Operating System:

[OSX]

Published:

22 March 2016

Protect yourself against future threats.

-----BEGIN PGP SIGNED MESSAGE-----
Hash: SHA1

===========================================================================
             AUSCERT External Security Bulletin Redistribution

                               ESB-2016.0748
                              OS X Server 5.1
                               22 March 2016

===========================================================================

        AusCERT Security Bulletin Summary
        ---------------------------------

Product:           OS X Server
Publisher:         Apple
Operating System:  OS X
Impact/Access:     Access Privileged Data         -- Remote with User Interaction
                   Provide Misleading Information -- Remote with User Interaction
                   Reduced Security               -- Existing Account            
Resolution:        Patch/Upgrade
CVE Names:         CVE-2016-1787 CVE-2016-1777 CVE-2016-1776
                   CVE-2016-1774  

Original Bulletin: 
   https://support.apple.com/en-au/HT206173

- --------------------------BEGIN INCLUDED TEXT--------------------

- -----BEGIN PGP SIGNED MESSAGE-----
Hash: SHA512

APPLE-SA-2016-03-21-7 OS X Server 5.1

OS X Server 5.1 is now available and addresses the following:

Server App
Available for:  OS X Yosemite v10.10.5 and later
Impact:  An administrator may unknowingly store backups on a volume
without permissions enabled
Description:  An issue in Time Machine server did not properly warn
administrators if permissions were ignored when performing a server
backup.

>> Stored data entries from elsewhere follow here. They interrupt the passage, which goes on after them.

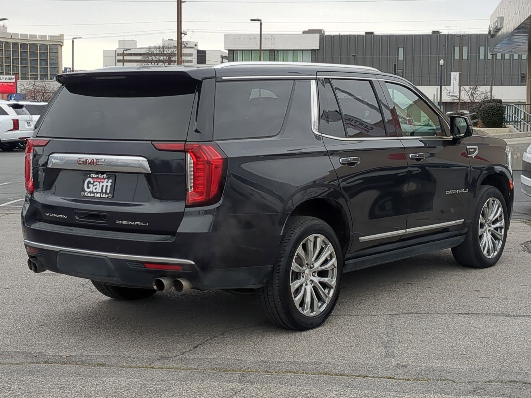 Garff Certified Pre-Owned Certified, 4WD, 14 Speakers, 15 Diagonal Multi-Color Head-Up Display, 2 Presets For Outside Rearview Mirrors, 3 Years of GMC Connected Services, 3 Years of OnStar Safety & Security, 3 Years of OnStar Safety & Security (DISC), 3.23 Rear Axle Ratio, 3rd Row 60/40 Power-Folding Split-Bench Seat, 3rd row seats: split-bench, 4-Wheel Disc Brakes, ABS brakes, Adaptive Cruise Control, Adaptive suspension, Air Conditioning, Alloy wheels, AM/FM radio: SiriusXM with 360L, AM/FM Stereo, Apple CarPlay/Android Auto, Auto High-beam Headlights, Auto-dimming door mirrors, Auto-dimming Rear-View mirror, Auto-leveling suspension, Automatic Emergency Braking, Automatic temperature control, Bodyside moldings, Bose 14-Speaker Surround w/CenterPoint, Brake assist, Bright Front & Rear Door Sill Plates, Bumpers: body-color, Chrome Door Handles w/Body-Color Strip, Compass, Delay-off headlights, Deleted 3 Years of OnStar Safety & Security, Driver door bin, Driver vanity mirror, Dual Exhaust System, Dual front impact airbags, Dual front side impact airbags, Dual-Pane Panoramic Power Sunroof, Electronic Stability Control, Emergency communication system: OnStar and GMC connected services capable, Enhanced Automatic Emergency Braking, Floor Console, Following Distance Indicator, Forward Collision Alert, Four wheel independent suspension, Front & Rear Park Assist, Front anti-roll bar, Front Bucket Seats, Front Center Armrest, Front dual zone A/C, Front fog lights, Front Pedestrian Braking, Front reading lights, Fully automatic headlights, Galvano Bodyside Moldings, Garage door transmitter, Hands-Free Power Programmable Rear Liftgate, HD Surround Vision, Heads-Up Display, Heated & Ventilated Driver & Front Passenger Seats, Heated 2nd Row Outboard Position Seats, Heated door mirrors, Heated Driver & Front Passenger Seats, Heated front seats, Heated rear seats, Heated Steering Wheel, Heated steering wheel, Hill Descent Control, Illuminated entry, Inside Rear-View Auto-Dimming Mirror, IntelliBeam Automatic High Beam On/Off, Lane Change Alert w/Side Blind Zone Alert, Lane Keep Assist w/Lane Departure Warning.
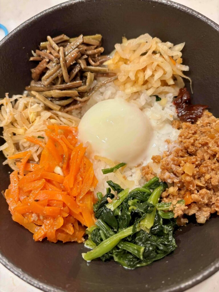 それぞれのナムルの塩味が半熟玉子と混ざり、マイルドにまとまってとても美味しいです😆
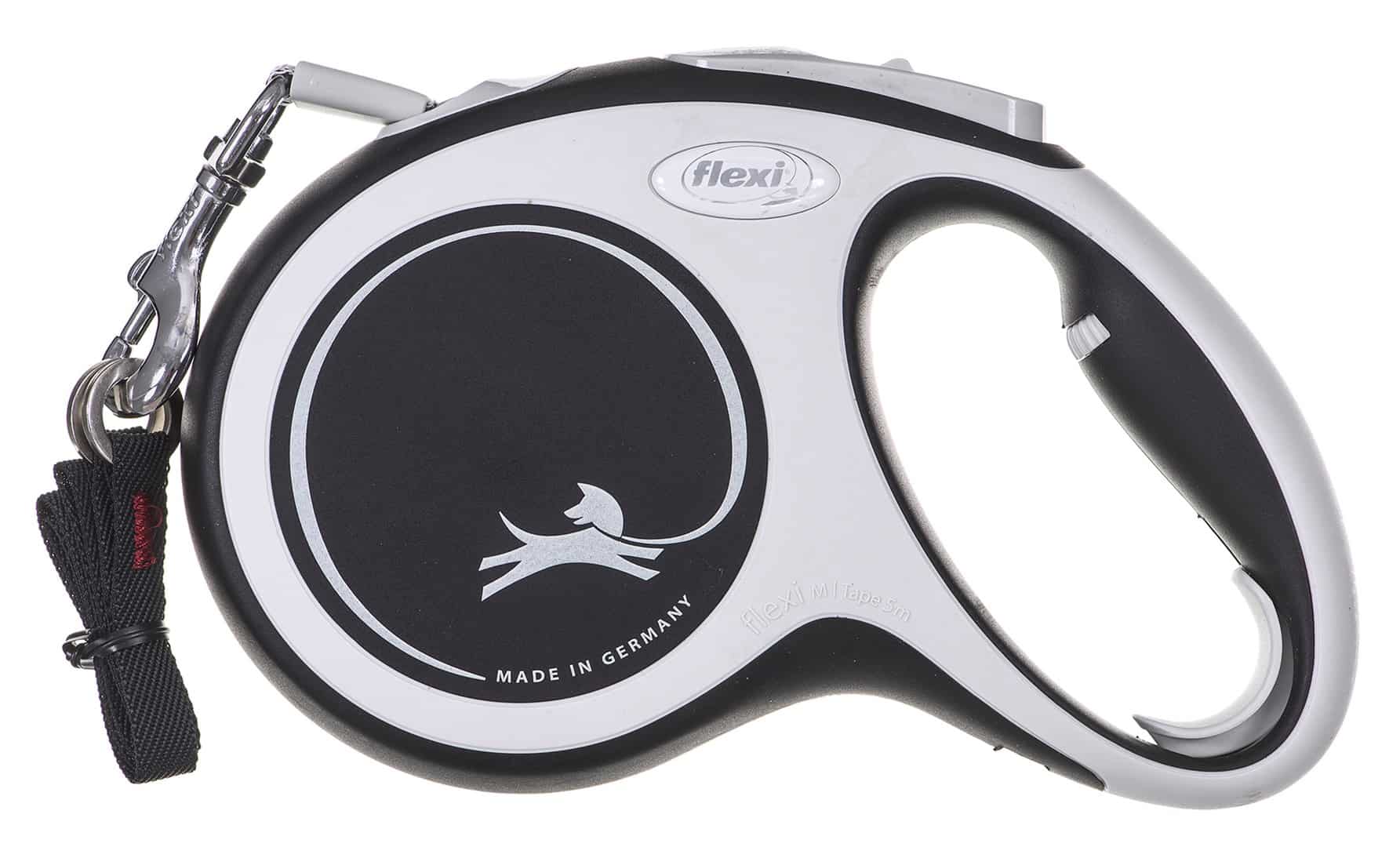 flexi — Smycz flexi automatyczna New Comfort M taśma 5 m – dla psa do 25 kg, kolor czarny

This issue was addressed through improved warnings.
CVE-ID
CVE-2016-1774 : CJKApps

Web Server
Available for:  OS X Yosemite v10.10.5 and later
Impact:  An attacker may be able to exploit weaknesses in the RC4
cryptographic algorithm
Description:  RC4 was removed as a supported cipher.
CVE-ID
CVE-2016-1777 : Pepi Zawodsky

Web Server
Available for:  OS X Yosemite v10.10.5 and later
Impact:  A remote user may be able to view sensitive configuration
information
Description:  A file access issue existed in Apache with .DS_Store
and .htaccess files. This issue was addressed through improved access
restrictions.
CVE-ID
CVE-2016-1776 : Shawn Pullum of University of California, Irvine

Wiki Server
Available for:  OS X Yosemite v10.10.5 and later
Impact:  An attacker in a privileged network position may be able to
leak sensitive user information
Description:  An access issue existed in some Wiki pages. This issue
was addressed through improved access restrictions.
CVE-ID
CVE-2016-1787 : an anonymous researcher

OS X Server 5.1 may be obtained from the Mac App Store.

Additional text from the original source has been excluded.